SCHOENBERG: Pelleas und Melisande. Erwartung* / *Sara Jakubiak, sop; Bergen Philharmonic Orch.; Edward Gardner, cond / Chandos CHSA-5198
I’ve often said that a lot of “modern” music doesn’t really allow much leeway in interpretation because its creators were very specific in exactly what tempi, phrasing and dynamics they wanted in their scores, but this doesn’t always apply to that late Romantic music that bordered on the modern. In the French school, you have Debussy and Ravel; in the Russian, Scriabin; and in the German, Mahler and Schoenberg, who was in part strongly influenced by Mahler, particularly in his earlier years.
And although Erwartung is, like the second half of Gurre-lieder, a work right on the hot edge of modernism, it too has developed a performance tradition, but this is clearly truer of his very Romantic Pelleas und Melisande. Most interpreters follow the lead of the great, late Robert Craft, giving it a passionate but fairly stoic reading, but in this new recording British conductor Edward Gardner clearly ties it to the late tone poems of Richard Strauss, and perhaps even a bit like Wagner. Legato phrases are played very legato, yet the powerful passages do not lack the proper impact.

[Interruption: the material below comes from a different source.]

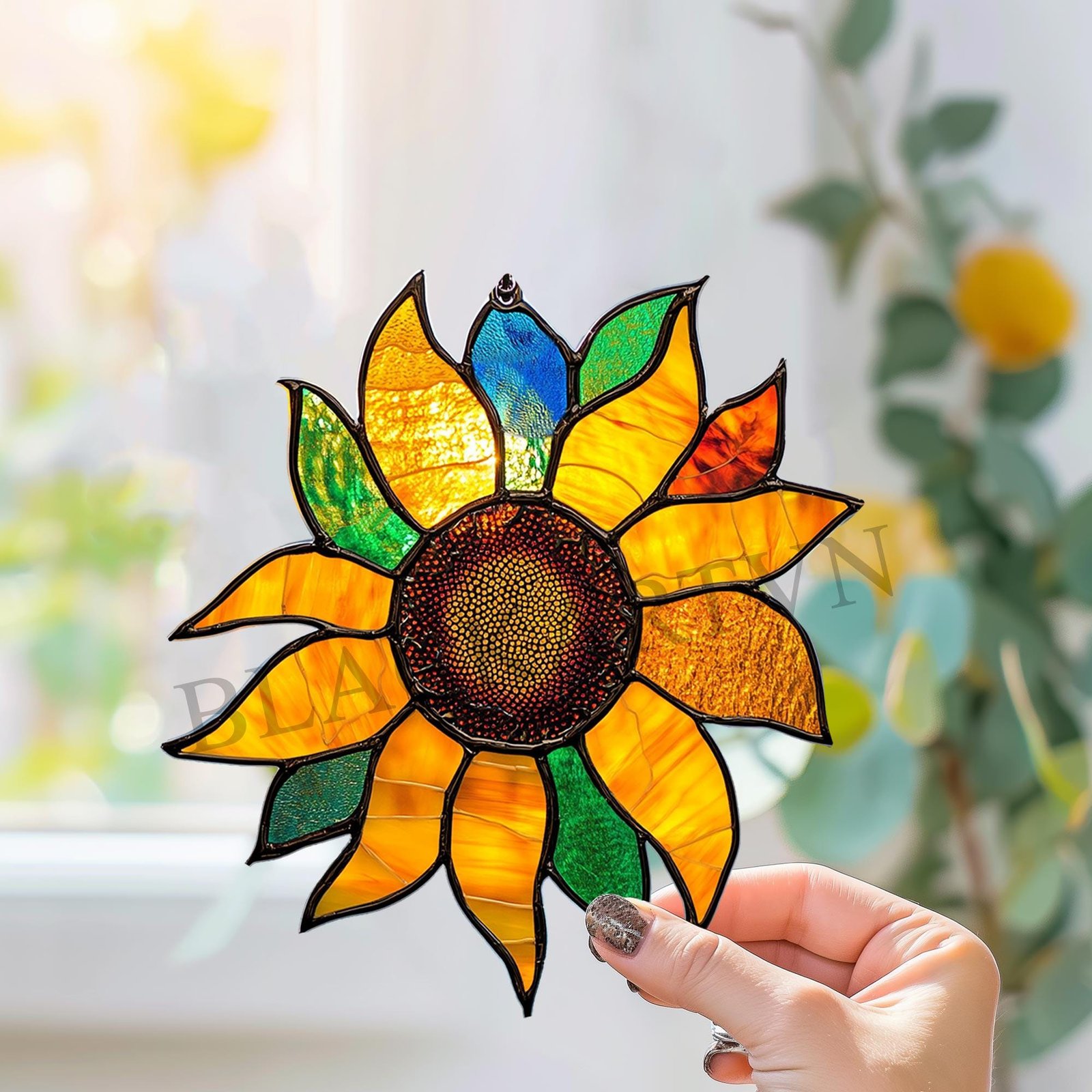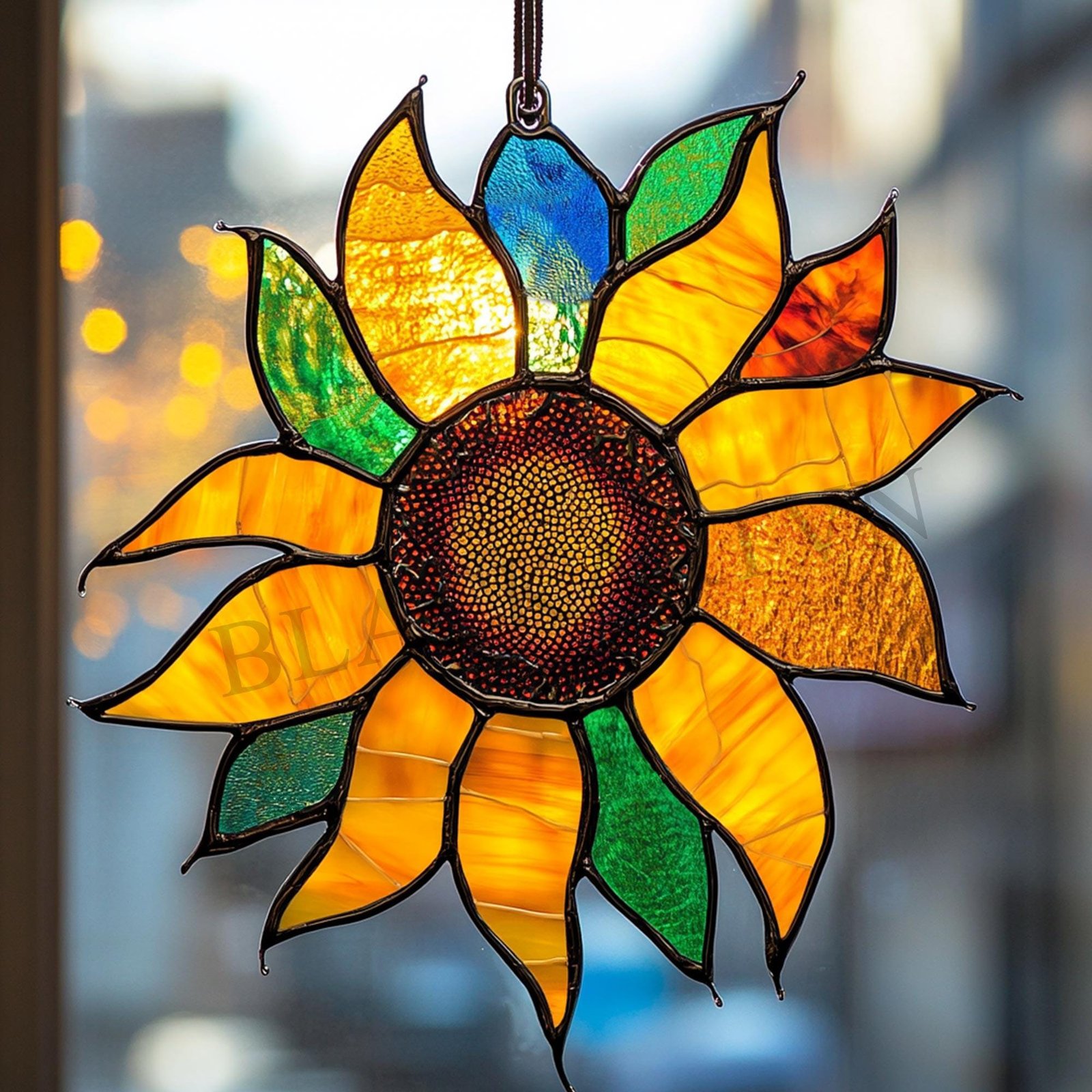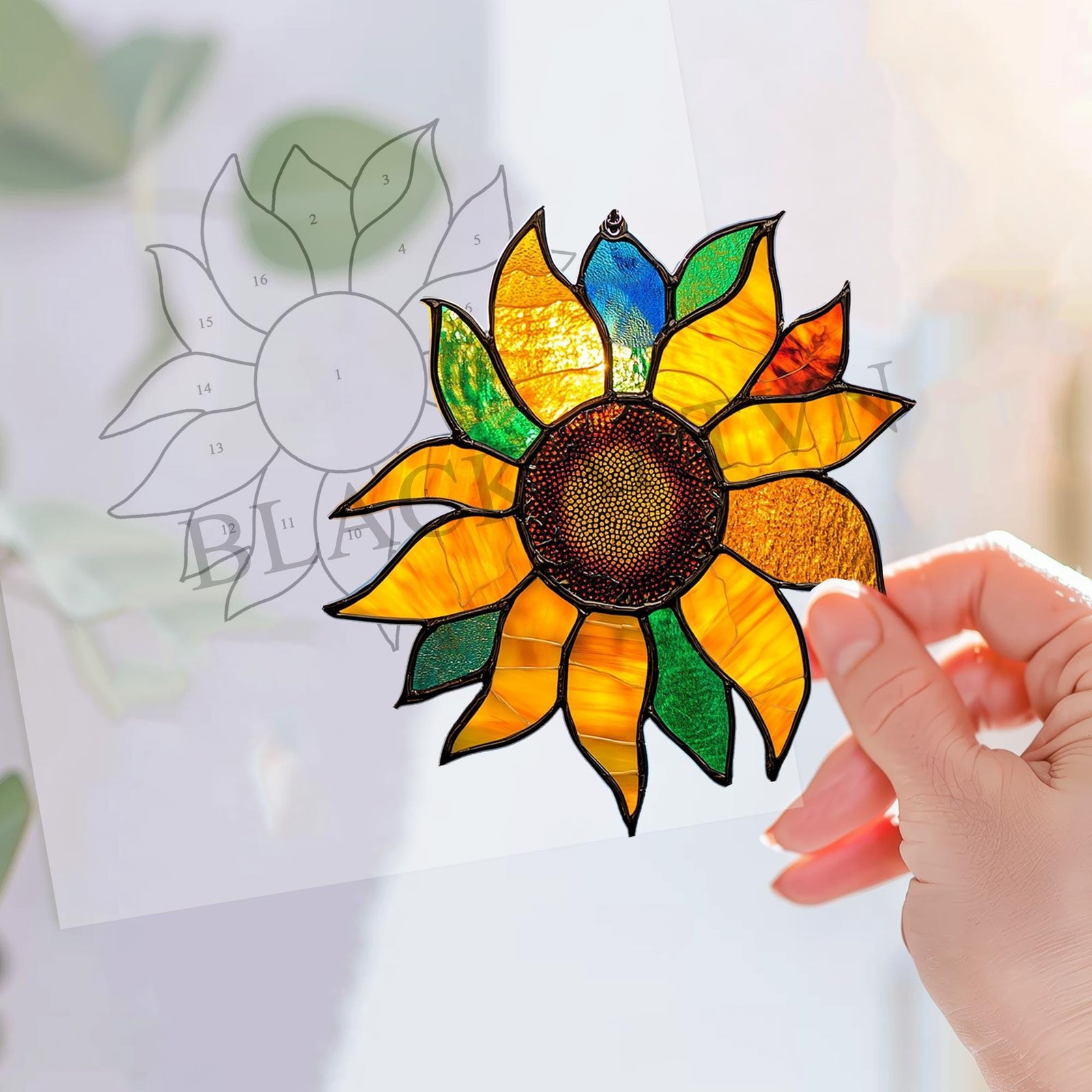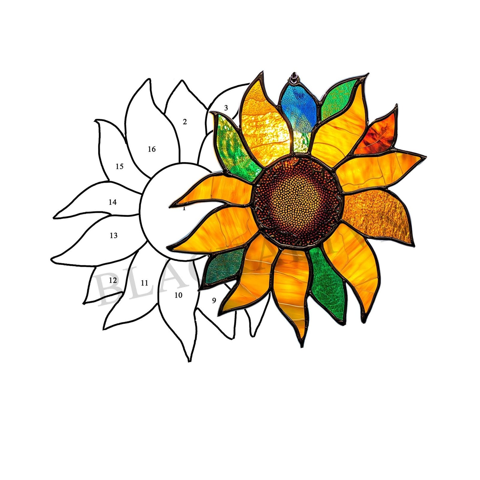 Digital Download sunflower D01 Stained Glass Pattern, Modern Suncatcher, Diy Stained Glass

But then, I’ve noticed this as a tendency among British conductors in general when approaching the music of serial composers. Jeffrey Tate did much the same thing with Berg’s Lulu, and in that case I liked his approach very much because he made the score sound more like music that had a connective flow rather than a score that emerged in what, for lack of a better term, I would describe as “broken steps,” and it helped to bind the scenes and acts together in a remarkable manner. Thus it is not necessarily a bad thing, just very different from what we are used to hearing. With that being said, I still prefer the recordings of this work by Craft and Michael Gielen. Gielen plays this piece with a bit more sweep than Craft, but not quite as Romantically phrased as this one.
Gardner brings the same sensibilities to Erwartung, sung very prettily and with good interpretation by one Sara Jakubiak. She is a soprano with a lean, very bright timbre, good tonal focus and quite good diction. Hers is a performance very similar to the one that the great Magda Laszlo gave with Hermann Scherchen back in the 1950s. Although no one holds a candle to the late Jessye Norman’s recording with James Levine on Philips, this is still an exceptionally fine performance that keeps the listener riveted. In addition, Gardner here brings out some remarkable details in the orchestra, such as the low bassoon episode and other wind instruments. Although Norman is still my gold standard, I can easily rate this as the second-best digital recording of this challenging work.
So there’s my review. The choice is yours!